▶ [WHAT TO PRODUCE] Starting from the line in which "A WAR-DOG ON" appears, set down each line exactly through the end of the listing, and nothing else. Leave out pictures.

▶ [SUPPLIED MATERIAL]
━━━

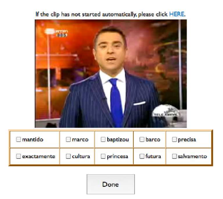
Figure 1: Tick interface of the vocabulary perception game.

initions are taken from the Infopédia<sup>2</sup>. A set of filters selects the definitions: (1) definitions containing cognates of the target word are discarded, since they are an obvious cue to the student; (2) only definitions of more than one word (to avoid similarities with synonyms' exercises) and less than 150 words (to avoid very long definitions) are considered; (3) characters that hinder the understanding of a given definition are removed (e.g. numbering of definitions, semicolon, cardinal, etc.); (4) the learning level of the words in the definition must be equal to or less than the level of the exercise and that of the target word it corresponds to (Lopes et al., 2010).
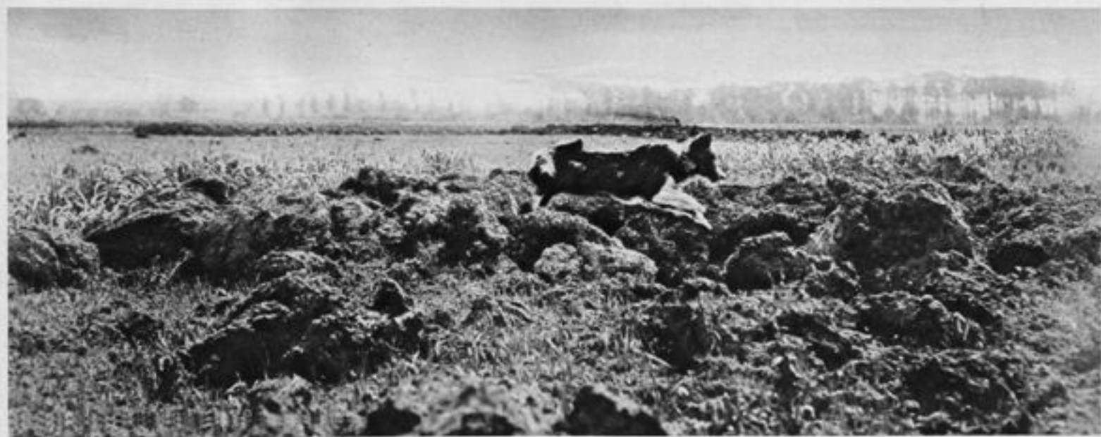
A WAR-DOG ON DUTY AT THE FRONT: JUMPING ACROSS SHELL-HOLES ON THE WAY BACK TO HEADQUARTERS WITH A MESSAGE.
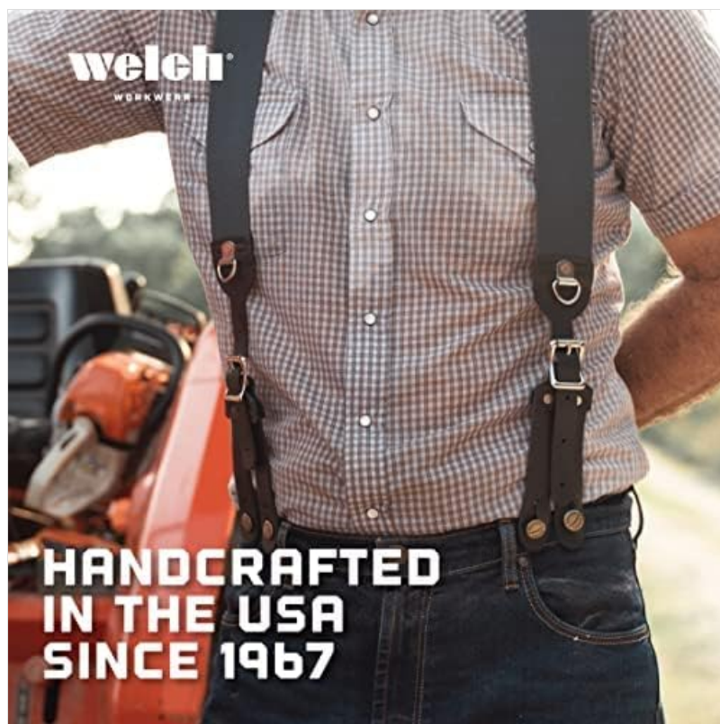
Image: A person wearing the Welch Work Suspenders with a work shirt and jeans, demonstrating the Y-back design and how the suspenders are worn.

━━━

▶ [REPLY]
A WAR-DOG ON DUTY AT THE FRONT: JUMPING ACROSS SHELL-HOLES ON THE WAY BACK TO HEADQUARTERS WITH A MESSAGE.
Image: A person wearing the Welch Work Suspenders with a work shirt and jeans, demonstrating the Y-back design and how the suspenders are worn.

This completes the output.